Continúa la crónica de Federico Quevedo desmontando a Rosa Díez y a UPyD.
[…] En determinadas cuestiones morales el partido que lidera Rosa Díez goza de una presumible supremacía ética respecto del PP otorgada por algunos medios, que es absolutamente falsa e irreal. UPyD es un partido de izquierdas, en algunos casos muy radical como por ejemplo en todo lo referido a la Monarquía o el laicismo y claramente intervencionista en materia de política económica. ¿Esto es malo?
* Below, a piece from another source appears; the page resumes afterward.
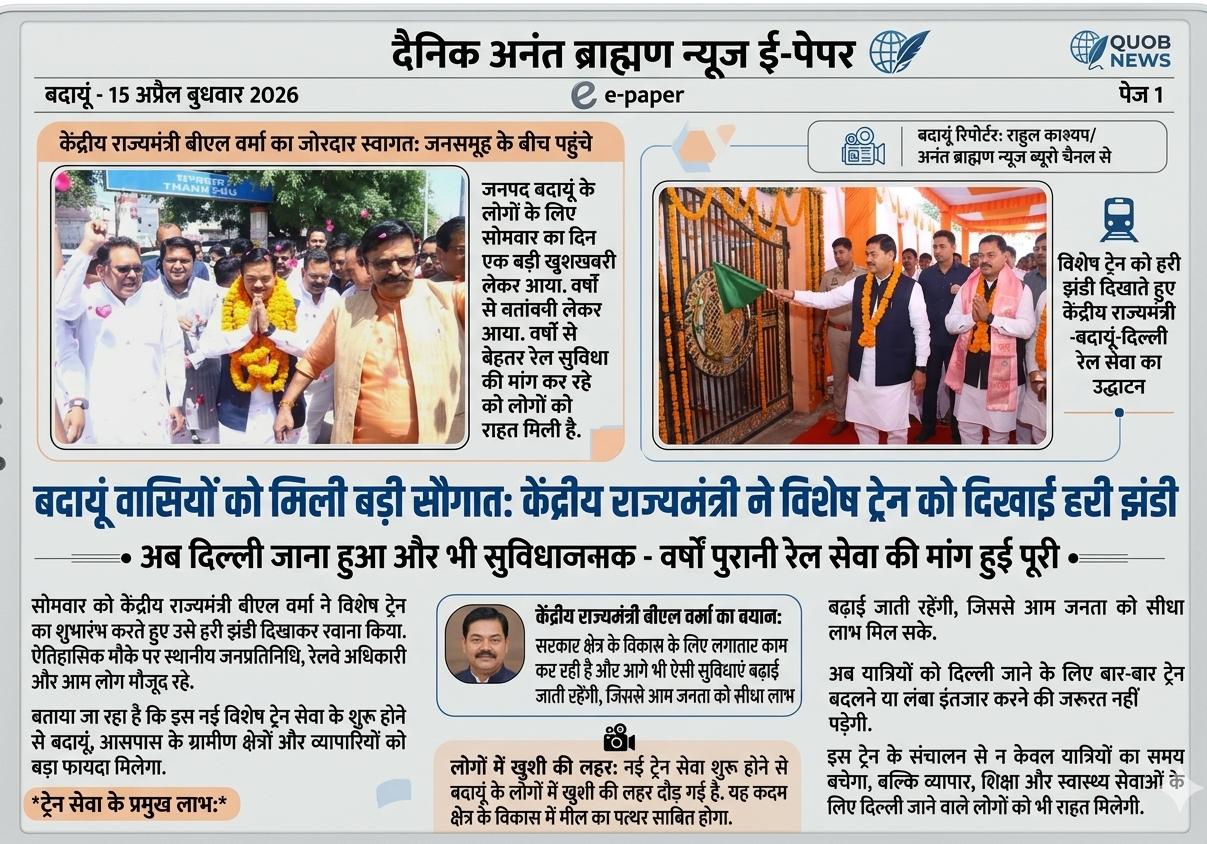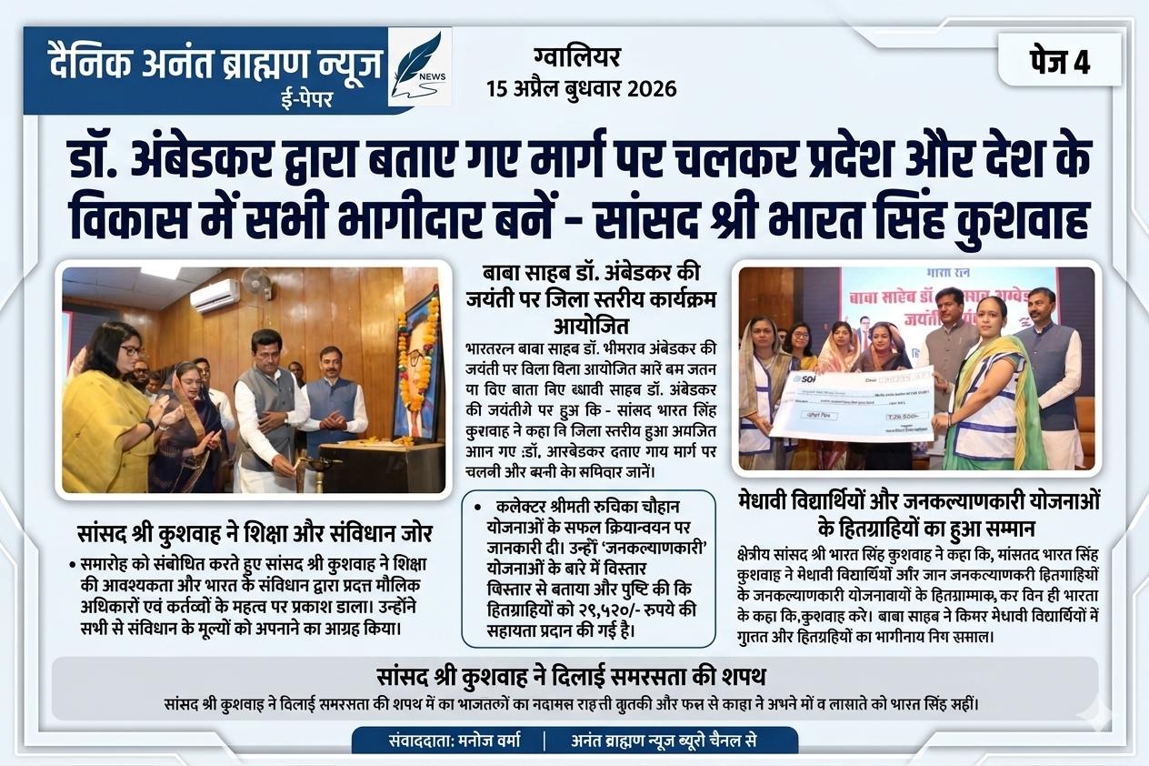 दैनिक अनंत ब्राह्मण न्यूज ई पेपर डिजिटल ई पेपर 15 बुधवार अप्रैल 2026

Bueno, en mi opinión es una opción equivocada para alguien que se sienta liberal o de centro-derecha, pero respeto la libertad de cada uno a la hora de elegir el voto como no podía ser de otra manera.
UpyD, de entrada, no consigue en el País Vasco arrancar votos del constitucionalismo, entre otras cosas porque en aquella Comunidad casi todo el mundo recuerda la complicidad que en su momento tuvo Rosa Díez con el nacionalismo y como apadrinaba campañas de sentimiento nacionalista como aquel Ven y cuéntalo.
Pero es que, recientemente, quien hace bandera de su compromiso con las víctimas y contra ETA, resulta que fue la única dirigente de un partido nacional que no acudió ni al funeral ni a la manifestación posterior en memoria del empresario Ignacio Uría, asesinado por ETA.
Del mismo modo, de acuerdo con esa falta de compromiso con sus ideales y de deslealtad con sus votantes, la líder del UPyD ni siquiera tuvo la decencia de acudir a los actos públicos de homenaje a la Constitución en su Trigésimo aniversario. Ella, que va por la vida de firme defensora del castellano y que hace campaña en Galicia en contra del gallego, se abstiene en el Parlamento cuando se votan proposiciones por el derecho al aprendizaje en castellano presentadas por el PP.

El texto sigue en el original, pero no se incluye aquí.